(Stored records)
== Segment start ==
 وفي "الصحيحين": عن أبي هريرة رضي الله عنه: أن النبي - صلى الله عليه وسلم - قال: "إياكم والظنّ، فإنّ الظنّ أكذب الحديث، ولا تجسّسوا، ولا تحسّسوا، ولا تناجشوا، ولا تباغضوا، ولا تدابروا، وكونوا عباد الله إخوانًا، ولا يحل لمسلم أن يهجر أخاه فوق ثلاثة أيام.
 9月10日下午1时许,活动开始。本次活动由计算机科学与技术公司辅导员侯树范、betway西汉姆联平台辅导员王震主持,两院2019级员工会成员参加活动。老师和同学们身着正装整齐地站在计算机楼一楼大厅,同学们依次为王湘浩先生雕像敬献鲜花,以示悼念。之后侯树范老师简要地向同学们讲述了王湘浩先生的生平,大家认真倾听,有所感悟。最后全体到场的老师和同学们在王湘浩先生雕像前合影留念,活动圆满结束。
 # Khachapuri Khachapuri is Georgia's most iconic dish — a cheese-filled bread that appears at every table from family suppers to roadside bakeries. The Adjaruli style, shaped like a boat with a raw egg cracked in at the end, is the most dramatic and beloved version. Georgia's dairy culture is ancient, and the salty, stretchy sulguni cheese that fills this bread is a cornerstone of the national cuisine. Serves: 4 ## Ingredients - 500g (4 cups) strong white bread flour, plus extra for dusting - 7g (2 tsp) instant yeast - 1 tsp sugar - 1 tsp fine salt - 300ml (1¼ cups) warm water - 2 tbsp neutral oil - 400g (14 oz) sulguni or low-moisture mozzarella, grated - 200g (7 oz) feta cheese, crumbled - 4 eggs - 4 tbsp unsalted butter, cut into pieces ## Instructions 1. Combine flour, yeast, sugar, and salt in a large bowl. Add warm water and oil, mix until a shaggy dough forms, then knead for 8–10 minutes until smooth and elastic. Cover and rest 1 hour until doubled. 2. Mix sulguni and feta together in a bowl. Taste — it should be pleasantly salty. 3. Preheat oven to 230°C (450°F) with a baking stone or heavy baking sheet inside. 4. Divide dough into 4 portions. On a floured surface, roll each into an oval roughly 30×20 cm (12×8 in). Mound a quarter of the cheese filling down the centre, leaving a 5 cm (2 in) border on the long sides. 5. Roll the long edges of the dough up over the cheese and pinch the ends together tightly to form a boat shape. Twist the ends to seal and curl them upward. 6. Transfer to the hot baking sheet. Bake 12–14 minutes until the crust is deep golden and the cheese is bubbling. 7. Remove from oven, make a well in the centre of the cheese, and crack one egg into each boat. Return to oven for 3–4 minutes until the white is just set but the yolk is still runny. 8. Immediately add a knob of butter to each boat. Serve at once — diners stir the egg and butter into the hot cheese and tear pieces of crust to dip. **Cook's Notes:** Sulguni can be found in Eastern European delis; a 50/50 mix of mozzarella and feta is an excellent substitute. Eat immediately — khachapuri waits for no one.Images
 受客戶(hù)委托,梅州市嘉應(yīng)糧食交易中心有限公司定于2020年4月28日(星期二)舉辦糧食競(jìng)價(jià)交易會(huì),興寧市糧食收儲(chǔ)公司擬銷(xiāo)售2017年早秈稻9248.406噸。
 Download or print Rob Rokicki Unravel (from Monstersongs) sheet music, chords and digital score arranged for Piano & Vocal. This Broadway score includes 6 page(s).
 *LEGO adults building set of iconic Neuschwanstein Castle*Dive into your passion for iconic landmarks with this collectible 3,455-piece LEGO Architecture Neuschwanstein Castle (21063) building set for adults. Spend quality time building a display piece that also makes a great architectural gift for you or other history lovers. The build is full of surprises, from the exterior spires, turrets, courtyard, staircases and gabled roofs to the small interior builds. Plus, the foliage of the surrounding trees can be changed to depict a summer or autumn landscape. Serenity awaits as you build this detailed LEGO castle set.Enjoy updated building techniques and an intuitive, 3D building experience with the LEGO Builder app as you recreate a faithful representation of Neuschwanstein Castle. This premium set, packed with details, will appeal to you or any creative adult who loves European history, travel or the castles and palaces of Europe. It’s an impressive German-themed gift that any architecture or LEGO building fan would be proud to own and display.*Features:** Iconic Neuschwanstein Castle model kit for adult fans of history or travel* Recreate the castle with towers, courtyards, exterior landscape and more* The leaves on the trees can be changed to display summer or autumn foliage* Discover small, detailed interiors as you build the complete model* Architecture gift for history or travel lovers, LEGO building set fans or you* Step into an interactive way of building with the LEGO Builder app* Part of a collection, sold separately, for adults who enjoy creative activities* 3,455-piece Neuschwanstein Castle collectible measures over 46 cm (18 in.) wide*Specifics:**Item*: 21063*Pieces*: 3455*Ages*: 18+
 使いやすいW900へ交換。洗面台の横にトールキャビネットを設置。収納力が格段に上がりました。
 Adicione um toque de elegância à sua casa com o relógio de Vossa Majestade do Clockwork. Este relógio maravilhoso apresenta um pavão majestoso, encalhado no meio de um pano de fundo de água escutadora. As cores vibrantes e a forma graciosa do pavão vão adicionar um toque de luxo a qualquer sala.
== Segment end ==
» YOUR GOAL
Above are the records. Print exactly, and only, the lines from the line with "受客戶(hù)委托,梅州市嘉" to the line with "Download or print", both inclusive.

» RESULT
 受客戶(hù)委托,梅州市嘉應(yīng)糧食交易中心有限公司定于2020年4月28日(星期二)舉辦糧食競(jìng)價(jià)交易會(huì),興寧市糧食收儲(chǔ)公司擬銷(xiāo)售2017年早秈稻9248.406噸。
 Download or print Rob Rokicki Unravel (from Monstersongs) sheet music, chords and digital score arranged for Piano & Vocal. This Broadway score includes 6 page(s).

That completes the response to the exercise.